Un beau jour ou un autre, le sol devient trop bas pour le dos. Inéluctable vieillissement du corps ; qui que l’on soit, qui que l’on ait été. Brigitte confie au Monde ne pas penser à la sienne, de vieillesse. « Elle m’a coulé dessus, jour après jour, sans que ça me préoccupe. J’en sais rien si je suis vieille, moi, et je ne veux pas le savoir. Je continue à vivre dans la mesure de mes possibilités. Je ne peux pas me baisser, parce que mes os craquent. Ça, c’est emmerdant, mais c’est pas pratique surtout. Je m’en fous, il y a pire que moi. Il y a des gens qui ont des trucs épouvantables. Moi, j’ai de la veine. En plus, je me tiens droite. »

Fin septembre, Brigitte, dite « BB », a 90 ans. Considérant « avoir d’autres problèmes », elle « ne passe pas [s]a vie à [s]e regarder dans le miroir pour compter [s]es rides ou [s]es cheveux blancs ». Toutefois, lorsqu’il est interrogé, l’objet reflète « peu de rides », et cela tient au fait de ne « jamais se barbouiller de crème antirides ». Quant aux cheveux, BB connaît et dit sa chance de « les avoir très longs jusqu’aux fesses », restés « essentiellement de [s]a couleur d’origine, châtain clair, parsemée de mèches blanches ». Un mètre cinquante de « chevelure extraordinaire » qu’elle lave « toute seule » dans le lavabo. « Ce n’est pas douloureux, mais c’est un boulot ! »

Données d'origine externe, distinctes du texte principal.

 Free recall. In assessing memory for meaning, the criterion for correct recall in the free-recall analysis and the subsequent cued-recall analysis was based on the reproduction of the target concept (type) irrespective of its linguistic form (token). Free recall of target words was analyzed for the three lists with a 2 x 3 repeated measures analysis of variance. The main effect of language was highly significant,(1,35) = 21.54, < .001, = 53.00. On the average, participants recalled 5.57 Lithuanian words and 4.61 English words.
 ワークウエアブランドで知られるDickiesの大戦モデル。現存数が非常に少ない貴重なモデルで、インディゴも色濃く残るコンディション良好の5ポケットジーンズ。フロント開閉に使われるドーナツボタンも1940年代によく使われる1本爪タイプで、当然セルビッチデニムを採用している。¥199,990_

« Je vais vous dire, je ne me plains jamais. Mes os me jouent des tours et me privent de déplacements, sauf avec mes deux cannes anglaises, mais je me débrouille très bien avec ce qu’ils me font subir. D’abord, quand on se plaint, ça fait chier tout le monde, et puis ça n’arrange pas les douleurs. Alors je ne me plains jamais, et je vis normalement, comme quand j’étais plus jeune, mais avec des handicaps. »

BB dit sans détour avoir gardé « le même esprit qu’avant, il est resté très jeune ». « Je n’ai pas changé, je suis très spéciale dans mes jugements, dans ma façon de voir les choses. Je suis très, très… je perds mes mots, tiens… il y en a que je n’arrive pas à récupérer, mais c’est pas grave, j’en ai d’autres. » Elle rit.

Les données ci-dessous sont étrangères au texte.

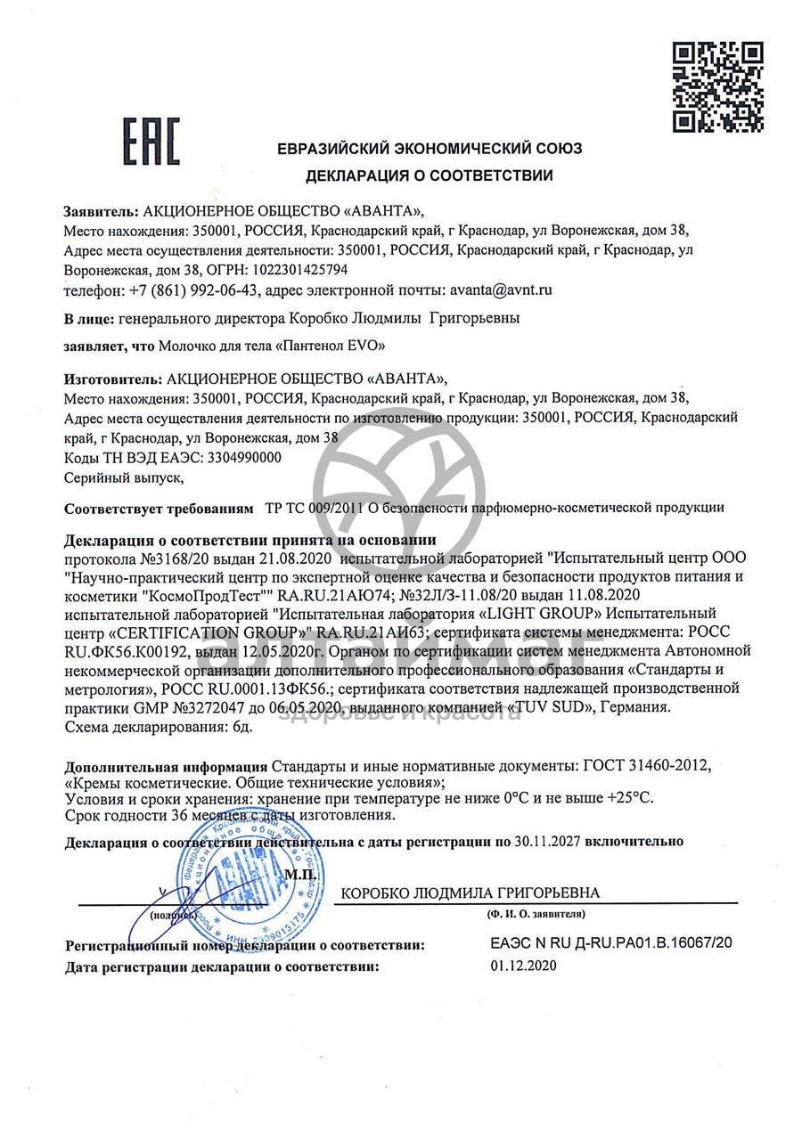 Есть вопросы по товару "Молочко для тела Эво Пантенол Аванта 250мл"?

« Paresseuse, je n’arrête pas de travailler »

Avant de l’entendre rire, nous avons lu son écriture ronde dans une lettre qu’elle nous a adressée, après une première demande d’échange. L’en-tête en lettres capitales annonçait la couleur : « FAUT PAS POUSSER MÉMÈRE DANS LES ORTIES. » Après l’épistolaire vint la voix, au bout du téléphone, seul lieu possible de rencontre avec Brigitte, qui ne reçoit pas. Là, l’intonation, la respiration, le cœur qui parle, la pudeur qui retient, et puis le rire pour ponctuer.